# [RECORDS FOR PROCESSING]
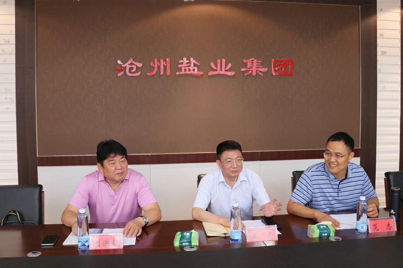 刘建军对王云一行表示欢迎,并简要介绍了沧盐集团近年的发展情况。他表示,中盐与沧盐地缘相近,人缘相亲。沧盐曾有三十多年隶属中盐总公司,中盐作为上级领导多年来一直关注和支持着沧盐的发展,双方有着深厚的感情和密切的业务联系,彼此信任有加,合作基础牢固。希望双方能够发挥各自优势资源,推动合作建设海盐食盐加工基地项目,实现共赢。
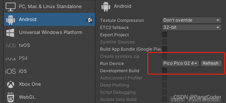 1 How to access Developer Options — PicoVR FAQ 0.1 documentation https://sdk.picovr.com/docs/FAQ/chapter_one.html? ? ? ? 戴上头盔,打开“设置”---》“通用”,对着“软件版本号”连点五下(用头盔旁边按钮选择),“开发者”图标出现后,进入开发者,选择系统,再选择开发者选项,最后打开USB调试,这样在Unity中就能找到硬件了。
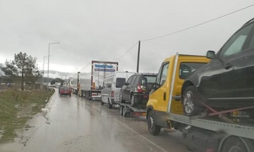 Αποτέλεσμα είναι εκατοντάδες φορτηγά που κινούνταν και στα δύο ρεύματα να παραμένουν ακινητοποιημένα.
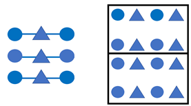 Having identified the elemental groupings, how do we emphasize them? Here we can turn to the Gestalt principles which are fundamental for understanding how humans pre-attentively detect patterns and groups. The primary idea behind the Gestalt principles is that the human brain strives to perceive groupings of individual entities; that is, aggregates rather than parts. The most relevant principles for table and figure design are enclosure, connection, proximity, and similarity. Consider the following:
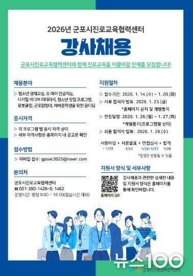 뉴스100 김동초 기자 | (재)군포시청소년재단 군포시진로교육협력센터는 관내 청소년의 진로 탐색과 진로 역량 강화를 위해 '2026년 군포시진로교육협력센터 강사'를 채용한다고 밝혔다.
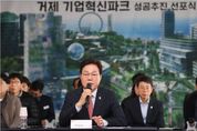 인사이드피플 심정보 기자 | 경상남도와 거제시, 참여기업이 함께 추진하는 ‘거제 기업혁신파크’가 미래형 융합도시 조성을 향한 실행 의지를 공식적으로 천명했다. 박완수 도지사는 18일 소노캄 거제에서 열린 ‘거제 기업혁신파크 성공추진 선포식’에서 사업의 국가적·지역적 의미를 강조하며 “거제시를 세계적인 관광도시로 만들 것”이라고 밝혔다. 선포식에는 박완수 도지사, 변광용 거제시장, 서일준 국회의원을 비롯해 그란크루세·네이버클라우드·다산네트웍스·디스트릭트코리아·수산인더스트리 등 주요 참여기업 대표와 도·시의원이 참석했다. 박 지사는 이날 사업 추진 의지를 밝히며, “디지털 융합 미래도시 성공추진을 위한 협의 자리가 마련된 것을 매우 뜻깊게 생각한다”고 말했다. 이어 “각 분야에서 대한민국 최고 역량을 갖춘 기업들이 함께하는 만큼 기업혁신파크에 대한 기대가 크다”고 밝혔다. 또한 박 지사는 장목관광단지 조성이 본격 추진된 과정을 설명하며 “26년 만에 조성 사업이 재개된 이후로 제대로 만들기 위해 추진해왔다”며 “기업혁신파크 지정 이후, 단일 관광단지로는 세계적 프로젝트를 만들기 어렵다고 판단해 범위를
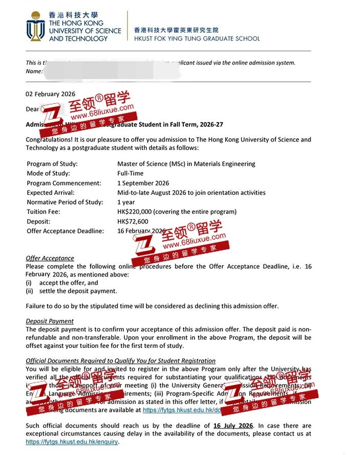 录取结果:香港科技大学材料学硕士录取
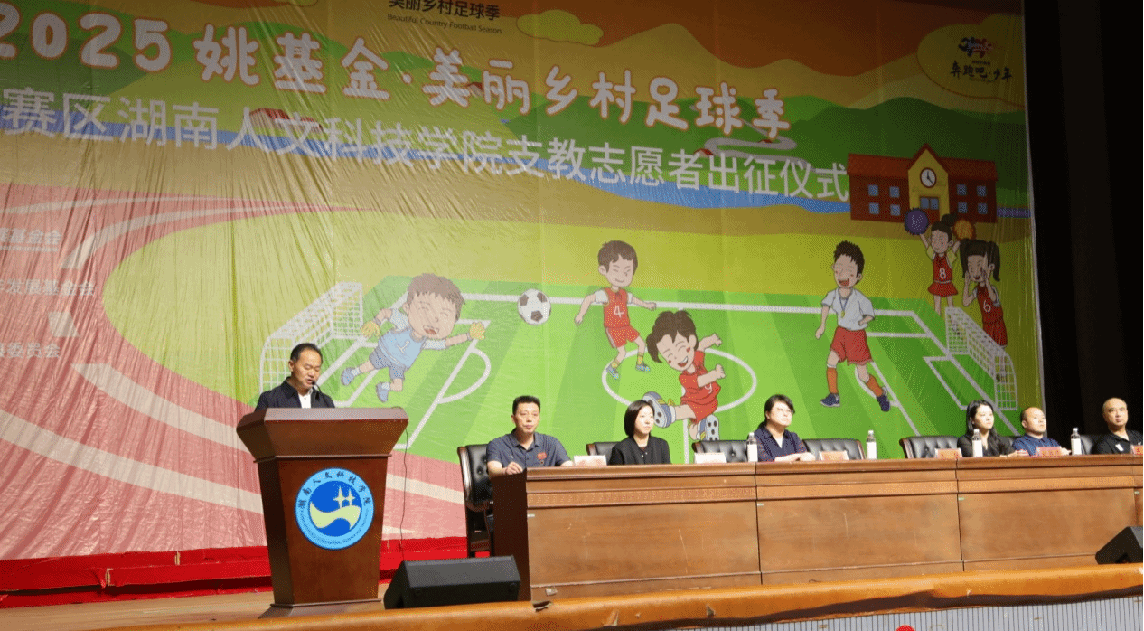 4月23日上午,姚基金“美丽乡村足球季”志愿者出征仪式在学校体育馆举行。湖南省希望工程办公室主任刘颖琦,校党委副书记朱强,湖南省青少年发展基金会希望事业部部长喻慕鸿等领导嘉宾与支教志愿者共聚一堂,共同见证这场以足球为媒、助力乡村教育振兴的青春行动。
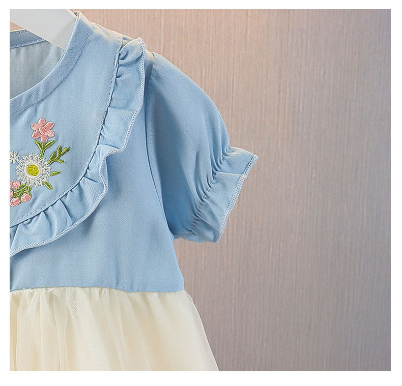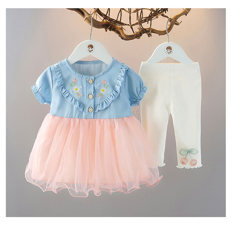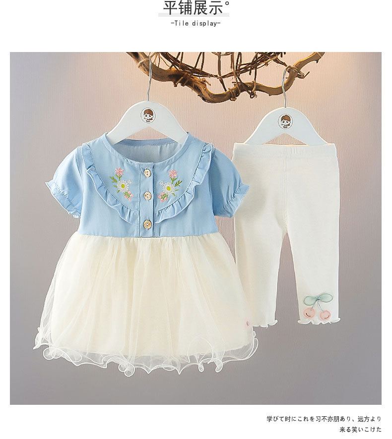1-2-3 세 소녀 짧은 소매 거즈 스커트 여름 두 조각 여름 새로운 아기 소녀 공주 스커트 크롭 바지 스커트-스토어 가기
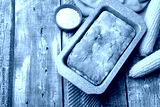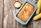 Freshly baked cornbread in baking dish, cobs and flour on color wooden table, flat lay. Space for text
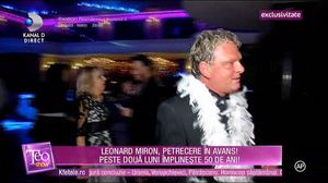 A fost petrecere mare în cinstea lui Leonard Miron. A fost muzică bună, invitatții s-au delectat cu mâncare delicioasă, nume grele din showbiz au acceptat invitația la party a sărbătoritului. Când în scenă și-a făcut apariția și tortul spectaculos, toți prietenii lui Leonard au insistat ca el să țină un scurt discurs. Cu ocazia aceasta, sărbătoritul i-a făcut și o declarație de dragoste partenerului de viață.

# [ABOUT THIS EXERCISE]
Where images occur in the data above, leave them out and repeat everything else exactly.

# [TASK OUTPUT]
 刘建军对王云一行表示欢迎,并简要介绍了沧盐集团近年的发展情况。他表示,中盐与沧盐地缘相近,人缘相亲。沧盐曾有三十多年隶属中盐总公司,中盐作为上级领导多年来一直关注和支持着沧盐的发展,双方有着深厚的感情和密切的业务联系,彼此信任有加,合作基础牢固。希望双方能够发挥各自优势资源,推动合作建设海盐食盐加工基地项目,实现共赢。
 1 How to access Developer Options — PicoVR FAQ 0.1 documentation https://sdk.picovr.com/docs/FAQ/chapter_one.html? ? ? ? 戴上头盔,打开“设置”---》“通用”,对着“软件版本号”连点五下(用头盔旁边按钮选择),“开发者”图标出现后,进入开发者,选择系统,再选择开发者选项,最后打开USB调试,这样在Unity中就能找到硬件了。
 Αποτέλεσμα είναι εκατοντάδες φορτηγά που κινούνταν και στα δύο ρεύματα να παραμένουν ακινητοποιημένα.
 Having identified the elemental groupings, how do we emphasize them? Here we can turn to the Gestalt principles which are fundamental for understanding how humans pre-attentively detect patterns and groups. The primary idea behind the Gestalt principles is that the human brain strives to perceive groupings of individual entities; that is, aggregates rather than parts. The most relevant principles for table and figure design are enclosure, connection, proximity, and similarity. Consider the following:
 뉴스100 김동초 기자 | (재)군포시청소년재단 군포시진로교육협력센터는 관내 청소년의 진로 탐색과 진로 역량 강화를 위해 '2026년 군포시진로교육협력센터 강사'를 채용한다고 밝혔다.
 인사이드피플 심정보 기자 | 경상남도와 거제시, 참여기업이 함께 추진하는 ‘거제 기업혁신파크’가 미래형 융합도시 조성을 향한 실행 의지를 공식적으로 천명했다. 박완수 도지사는 18일 소노캄 거제에서 열린 ‘거제 기업혁신파크 성공추진 선포식’에서 사업의 국가적·지역적 의미를 강조하며 “거제시를 세계적인 관광도시로 만들 것”이라고 밝혔다. 선포식에는 박완수 도지사, 변광용 거제시장, 서일준 국회의원을 비롯해 그란크루세·네이버클라우드·다산네트웍스·디스트릭트코리아·수산인더스트리 등 주요 참여기업 대표와 도·시의원이 참석했다. 박 지사는 이날 사업 추진 의지를 밝히며, “디지털 융합 미래도시 성공추진을 위한 협의 자리가 마련된 것을 매우 뜻깊게 생각한다”고 말했다. 이어 “각 분야에서 대한민국 최고 역량을 갖춘 기업들이 함께하는 만큼 기업혁신파크에 대한 기대가 크다”고 밝혔다. 또한 박 지사는 장목관광단지 조성이 본격 추진된 과정을 설명하며 “26년 만에 조성 사업이 재개된 이후로 제대로 만들기 위해 추진해왔다”며 “기업혁신파크 지정 이후, 단일 관광단지로는 세계적 프로젝트를 만들기 어렵다고 판단해 범위를
 录取结果:香港科技大学材料学硕士录取
 4月23日上午,姚基金“美丽乡村足球季”志愿者出征仪式在学校体育馆举行。湖南省希望工程办公室主任刘颖琦,校党委副书记朱强,湖南省青少年发展基金会希望事业部部长喻慕鸿等领导嘉宾与支教志愿者共聚一堂,共同见证这场以足球为媒、助力乡村教育振兴的青春行动。
1-2-3 세 소녀 짧은 소매 거즈 스커트 여름 두 조각 여름 새로운 아기 소녀 공주 스커트 크롭 바지 스커트-스토어 가기
 Freshly baked cornbread in baking dish, cobs and flour on color wooden table, flat lay. Space for text
 A fost petrecere mare în cinstea lui Leonard Miron. A fost muzică bună, invitatții s-au delectat cu mâncare delicioasă, nume grele din showbiz au acceptat invitația la party a sărbătoritului. Când în scenă și-a făcut apariția și tortul spectaculos, toți prietenii lui Leonard au insistat ca el să țină un scurt discurs. Cu ocazia aceasta, sărbătoritul i-a făcut și o declarație de dragoste partenerului de viață.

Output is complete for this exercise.